Type d'impôt
Taxe de vente au détail et taxe d'utilisation
Description
Services d'économat pour une agence gouvernementale ; Services vs. vente
Sujet
Biens soumis à l'impôt
Date d'émission
11-10-1998
10 novembre 1998
Re : Sec. 58.1-1821 Application : Taxe sur les ventes au détail et la taxe d'utilisation
Chère *****
La présente fait suite à vos lettres dans lesquelles vous demandez la correction d'une cotisation de taxe sur les ventes au détail et de taxe d'utilisation au nom de ***** (le "contribuable"), pour la période allant de novembre 1994 à octobre 1997.
FAITS
Le contribuable passe des contrats avec des agences gouvernementales locales et d'État pour fournir des services d'économat aux établissements pénitentiaires.
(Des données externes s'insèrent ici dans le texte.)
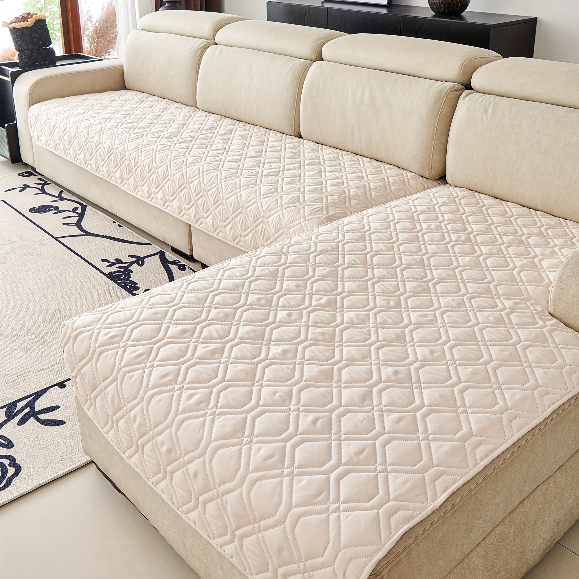 TEMU 2개 세트 L자형 소파 커버 - 강력한 애완동물 친화적 쿠션 보호, 미끄럼 방지 모듈러 소파/로브시트/슬리퍼 섹션용 소파 커버 (기계 세탁 가능), 스팟 & 스크래치 예방, 기하학 패턴 디자인, 쉬운 착용 시스템, 소나 패턴 텍스처

Le contribuable gère par contrat l'économat de la prison et fournit des repas et des produits d'économat aux détenus et au personnel. Le litige porte sur l'imposition de la taxe d'utilisation sur les achats effectués par le contribuable dans le cadre de l'exécution de ses contrats.
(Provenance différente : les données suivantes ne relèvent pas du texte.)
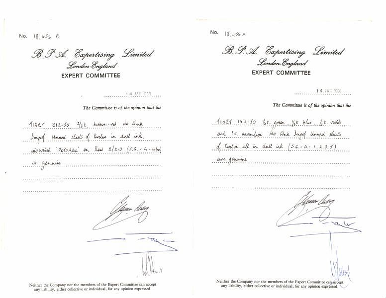 B.P.A Expertising Limited Expert Committee Certification of Tibet Stamps Original Sheets

Le contribuable estime que le véritable objet de ses contrats est la vente de biens meubles corporels (la fourniture de repas et de produits d'économat). Le contribuable conteste l'imposition de la taxe d'utilisation et soutient que la fourniture de repas et de produits d'économat peut être considérée comme une vente exonérée à l'État. Si l'impôt est maintenu, le contribuable demande une mise en conformité prospective. Le contribuable demande également une audition avant l'émission de la décision.
DÉTERMINATION
Services ou vente de biens meubles corporels
Code de Virginie Sec. 58.1-609.1(4) prévoit une exonération de la taxe sur les ventes et l'utilisation pour les biens meubles corporels achetés pour être utilisés ou consommés par le gouvernement fédéral et les gouvernements locaux et d'État de Virginia. Le titre 23 du code administratif de Virginie (VAC) 10-210-690 à 10-210-694 fournit des indications supplémentaires sur l'application de l'exemption gouvernementale.
Le titre 23 VAC 10-210-693 traite de l'application de la taxe aux contractants du gouvernement et stipule que le traitement fiscal approprié des achats de biens meubles corporels par des personnes qui passent un contrat avec le gouvernement fédéral, l'État ou ses subdivisions politiques, dépend du fait que le contrat porte sur la vente de biens meubles corporels ou sur la fourniture d'un service exonéré. En ce qui concerne le traitement fiscal des contrats publics, le ministère applique le test de l'objet réel pour déterminer si le contrat porte sur la vente de biens meubles corporels ou sur la fourniture de services à l'État.
Le contribuable s'engage par contrat à exploiter l'économat. Aux termes de ses contrats, le contribuable s'engage à fournir tous les produits de l'économat et à assurer des services d'administration, d'achat, de conseil en équipement, de conseil en personnel, de supervision et d'entretien ménager. En outre, tous les membres du personnel de l'économat sont des employés du contribuable.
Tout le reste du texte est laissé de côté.